# NT4 PDC and Samba3 BDC

## ScOut3R

Hey There!

I've read in the Samba docs that Samba can't act as a BDC for a NT4 PDC, but on some mailing lists they said that it can be a BDC, but without domain logons. I need your advice, or experience with this issue, because i'd like to setup a Samba BDC for a NT4 PDC.
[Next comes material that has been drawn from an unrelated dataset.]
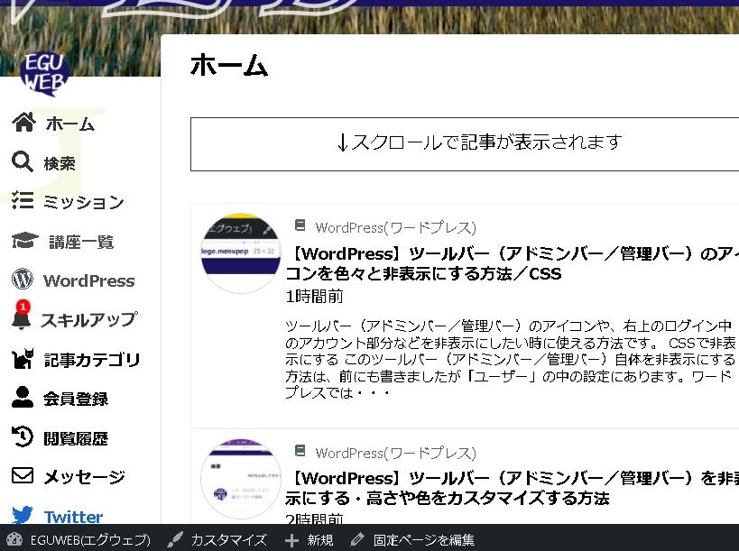 このツールバー(Admin bar)ですが、オリジナルでカスタマイズすると、すこぶる使いやすくなります。例えば、ツールバーを画面の最下部に移動する、使わないアイコンやメニューはCSSで非表示にするなど。

Thank You in advance!Last edited by ScOut3R on Mon Dec 17, 2007 11:08 pm; edited 1 time in total

----------

## darkphader

 *ScOut3R wrote:*   

> I've read in the Samba docs that Samba can't act as a BDC for a NT4 PDC, but on some mailing lists they said that i can be a BDC, but without domain logons. 

 

Then why would you want/need it?

----------

## ScOut3R

The NT4 server's hardwares are dying and we need a backup, and the "boss" wants to have it on a gnu/linux machine.

----------

## darkphader

Make Samba the PDC.

----------

## ScOut3R

Yep, that was my first thought, but i dont have any experience migrating a whole working nt domain to a samba pdc. Are there any tools to export/import user databases, policy and stuff?

----------

## darkphader

See the Samba docs.

----------

## linuxtuxhellsinki

Maybe you'll find some help from these ?

http://www.enterprisenetworkingplanet.com/netos/article.php/3457461

http://samba.org/samba/docs/man/Samba-HOWTO-Collection/samba-bdc.html

----------

## ScOut3R

It still isn't clear to me. Samba as a BDC can't replicate the SAM database, so is it totally useless as a BDC to a NT PDC? Is the only possible solution to migrate an NT PDC to a Samba PDC? What is i keep the users database on the Samba BDC in sync with the NT PDC? We really need to keep the NT as a PDC but setup a backup server for it.

----------

## ScOut3R

And what about this?

http://kbase.redhat.com/faq/FAQ_71_2340.shtm

Can Samba3 act as a BDC in a windows 2000+ environment?

----------